Глава 30
Ив
С утра накрапывал мелкий дождь. Фас ждал спутниц за воротами трактира. Гаота накинула плащ и подумала, что скоро в дальнюю дорогу.
– Поехали в объезд, – сказала Глума. – Вчерашнее событие привело к тому, что на площади – толпа. Хотя дракона уже оттащили во двор храма. Уж больно воняет. Разлагается на глазах. Теперь становится понятным, почему нет костей драконов в ущельях слайбов. Фас, мы – через слободы!
– Давайте, – отозвался егерь. – Я буду чуть позади присматривать за вами.
– Неужели все драконы – оборотни? – спросила Гаота, правя коня вслед за Глумой.
– Не думаю, – ответила Глума, направляя лошадь в проулок Молочной слободы. – Разве то, что бургомистр оказался волком, делает всех прочих волков имни?
– Я слышала, – Гаота догнала Глуму, – что вы познакомились со Скотом на охоте?
– Не совсем так, – улыбнулась Глума. – Случайно оказались у фионского тракта. Ну и наткнулись на сиуинский обоз. Радости обозников не было предела. Показали нам одежду их старшего, сказали, что того сожрали волки. Мол, на привале он отлучился, а потом один из обозников пошел за хворостом для костра, да увлекся грибами, ну и наткнулся на одежду старшего, схватил ее – и тут увидел волка. И убежал.

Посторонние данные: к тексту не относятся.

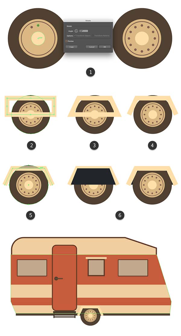 步骤2、选择小圆圈, 使用旋转工具 (R), 然后 Alt/选项-单击在车轮中间。在 "旋转" 面板中, 将角度设置为 "30°", 然后单击 "复制" 按钮。按下ctrl+ d 重复最后一个动作, 并继续按下ctrl+ d, 在中心 (1) 周围添加所有12个圆圈。开始创建一个装饰的边缘, 通过绘制一个 92 x 32 px的 矩形没有填充, 并与 #fde0a1 的颜色相同的9 px 宽的描边, 放置在车轮的顶部, 并使用对齐面板对其中心 ,然后我们选底部的锚点分别左右移动相同的像素(比如像左移动15px那么右边就是-15px)使其成为一个梯形。然后用直接选择工具删除底部锚点。(2)我们可以复制一份前一步的梯形然后留下填充去掉描边,然后将他与梯形合体打组放到轮胎的后面。最后我们就可以把它放到汽车的底部去了。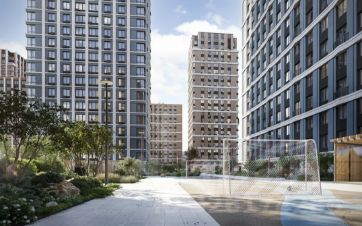 Корпуса объединены приватными дворами и соединяются пешеходным мостом. Каждая башня имеет свой оттенок, при этом они выполнены в едином стиле и цветовом коде.
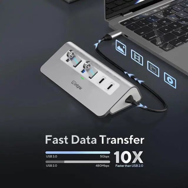 HIGH SPEED CHARGING & TRANSFERING: Charge your Macbook with ease using the 100W USB-C PD charging port on this usb c hub multiple adapter while connecting multiple peripherals for data transferring and worry-free power storage. 3 USB 3.0 Ports transfer speed up to 5Gbps. It takes only a few seconds to transfer photos or videos to your laptop. 2 USB 2.0 can connect to your keyboard, mouse, USB driver, external disk to your laptop.

– И волк за ним не погнался? – спросила Гаота.
– Мало того, ему показалось, что он был на привязи, – заметила Глума. – Однако хорошо, что обозник убежал. И уж тем более хорошо, что рядом была речушка, хотя раздеваться за двести шагов от речки – не самый лучший выбор в лесу, где полно мошкары. Нашли мы их старшего. Он уже опять стал человеком и как раз от мошкары и спасался, сидя в реке по горло. Как оказалось, в дороге старший простыл, а для имни нет лучшего лечения, чем перекинуться в зверя и обратно. Тут и бодрость появляется, и болезни проходят. Правда, голод мучает, но в обозе еды было вдосталь. А привязывал он себя – на всякий случай. С детства был напуган тем, что многие имни, перекидываясь, перестают осознавать себя людьми. Но он был не простым имни. Он оставался человеком, даже становясь зверем. И еще, как оказалось, он был хранителем. Так мы познакомились со Скотом, а уж когда он почувствовал, что в Граброк заглянула беда, вызвал нас. И расплатился сразу. Как знал…
– Ты тоже что-то знаешь о хранителях? – спросила Гаота.

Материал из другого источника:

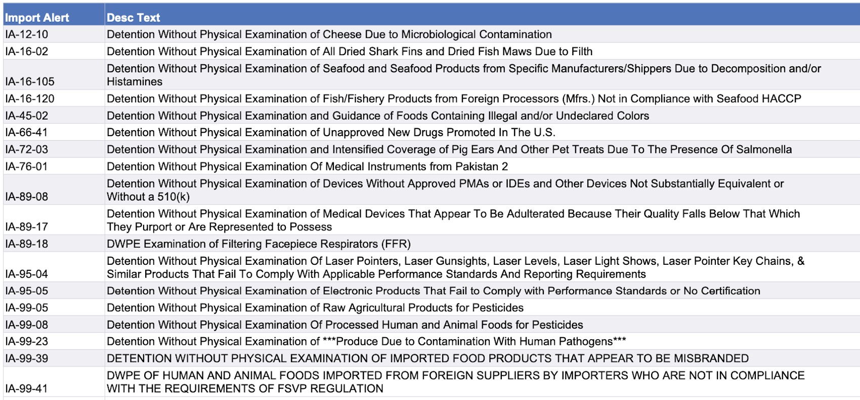Recent modifications to FDA’s import alerts, as posted by the agency, are listed below. Click here to go to the FDA page with links for specific details about this week’s various alert modifications.

– Да, – кивнула Глума. – Не один год я путешествовала рядом с хранителем.
– А сколько живут маола? – спросила Гаота.
– Следующим вопросом будет: сколько лет Юайсу? – усмехнулась Глума.
– Если ты знаешь… – затаила дыхание Гаота.
– Не знаю, – вздохнула Глума. – Но думаю, что около трети своего срока он уже прожил. Во всяком случае, примерно о таком сроке я думала, когда слышала его суждения о прошлом. А общий срок жизни маола… Сложно об этом говорить. Я слышала, что лет триста. Но беда-то в том, что маола не доживают до старости.
– Почему? – удивилась Гаота.
– А ты представь, что человек живет до трех сотен лет. И остается при этом бодрым. А?
Гаота не нашлась, что ответить.
– Вот, – кивнула Глума. – Войны, беды, болезни… А уж если учесть, что маола редко отсиживаются в неприступных башнях, то рано или поздно стрела, меч или нож врага обрывают их жизнь.
– А правда, что в наших с тобой жилах тоже течет кровь маола? – прошептала Гаота.
– Возможно, – пожала плечами Глума. – Юайс говорил, что я слишком сильна и слишком быстра для человека. Не мне судить. Я помню своих родителей, они не были воинами, но их силе и выносливости мог позавидовать всякий.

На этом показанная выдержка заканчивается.